The right time for the cesarean section is determined in the context of the so-called risk-adaptive care of pregnant women. Among other things, the risk of premature birth and the cervix’s maturity and cervix are taken into account. Professor Wolfgang Henrich, head of the obstetric department at the Berlin Charité, emphasizes that today almost all children are born healthy with an insertion velamentous.
If the umbilical cord begins far away from the inner cervix, natural birth is not impossible from his point of view. Of course, the heartbeat and the general condition of the child are monitored very carefully.
Very close monitoring in pregnancy
If the baby is already suffering from deficiency symptoms before insertion due to an insertion velamentous, doctors will consider whether and when premature birth is advised to avoid permanent damage. However, the pregnancy often proceeds without any problems despite the umbilical cord auroral.

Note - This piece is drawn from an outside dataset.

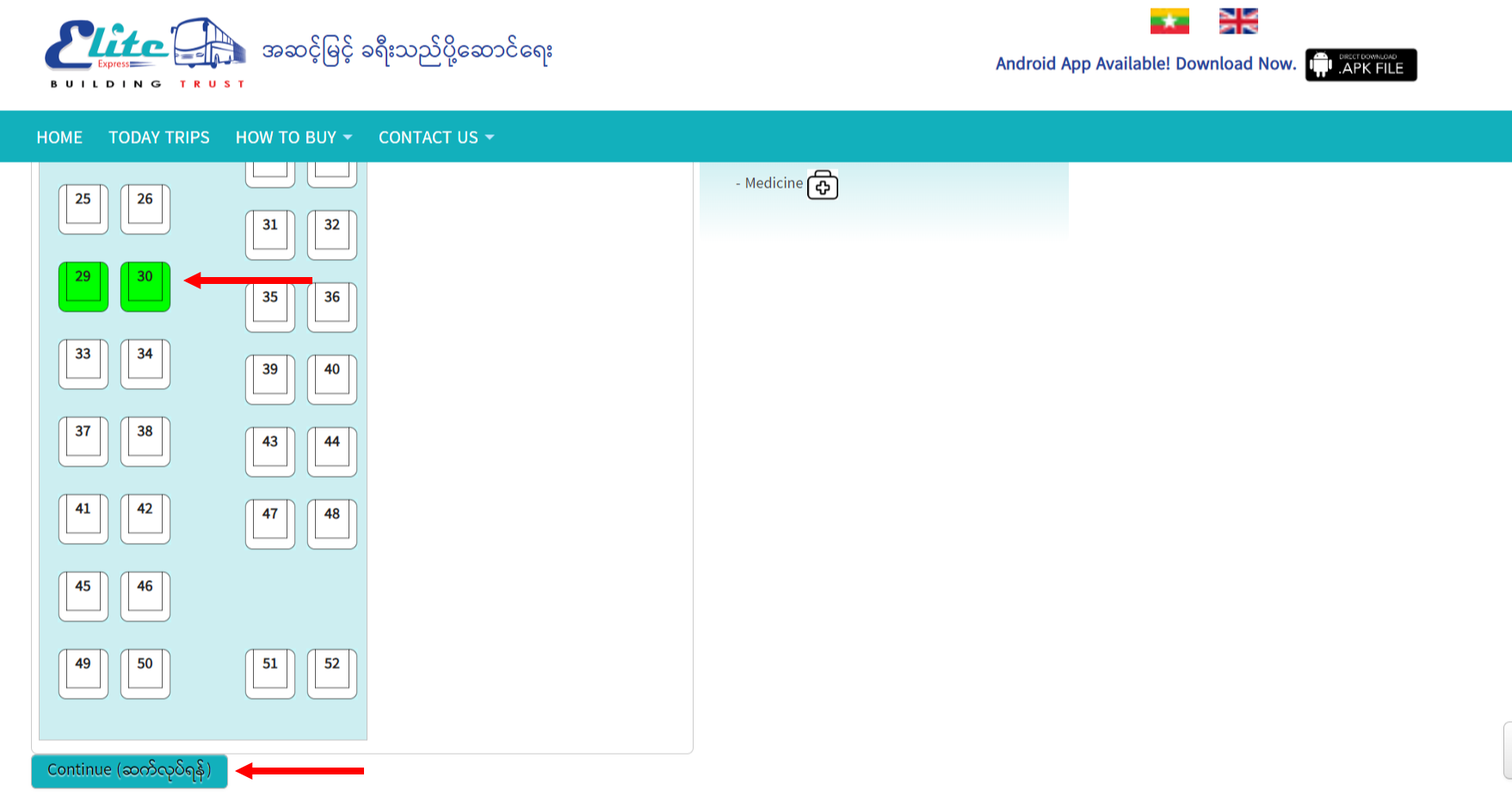 ၃။ ဝယ်ယူနိုင်သော အဖြူရောင်ခုံများမှ မိမိကြိုက်နှစ်သက်ရာ ခုံကိုနှိပ်ပြီး Continue ကိုနှိပ်ပါ။

In any case, the mother and child are closely monitored following this diagnosis. It is sporadic for an insertion velamentous to recur in a subsequent pregnancy.
If you are worried that your baby is affected by an umbilical cord anomaly, you should consult your gynecologist. After the ultrasound examination and perhaps also a fine ultrasound, he will almost always be able to give you the all-clear.
Even if, contrary to expectations, you should receive the diagnosis “Insertion velamentous,” there is no reason to panic. Your doctors will make sure that your baby is well and ensures the greatest possible safety during birth. You may also enjoy your pregnancy. If your child has survived the risky first three months, you will very likely soon be embracing a healthy baby.
- An insertion velamentous is an anomaly of the umbilical cord in which it attaches directly to the membranes (the amniotic sac)
- It occurs in about 1 percent of all pregnancies and is therefore very rare.
- The tearing of umbilical vessels during childbirth can make the insertion of velamentous life-threatening.
- If the umbilical cord auroral is known, the children will be born by a planned cesarean section – usually in the 36th or 37th week of pregnancy. In part, natural birth is not excluded.
- Pregnancy with an insertion velamentous is considered a risk of pregnancy. The mother and baby are monitored very closely from the diagnosis.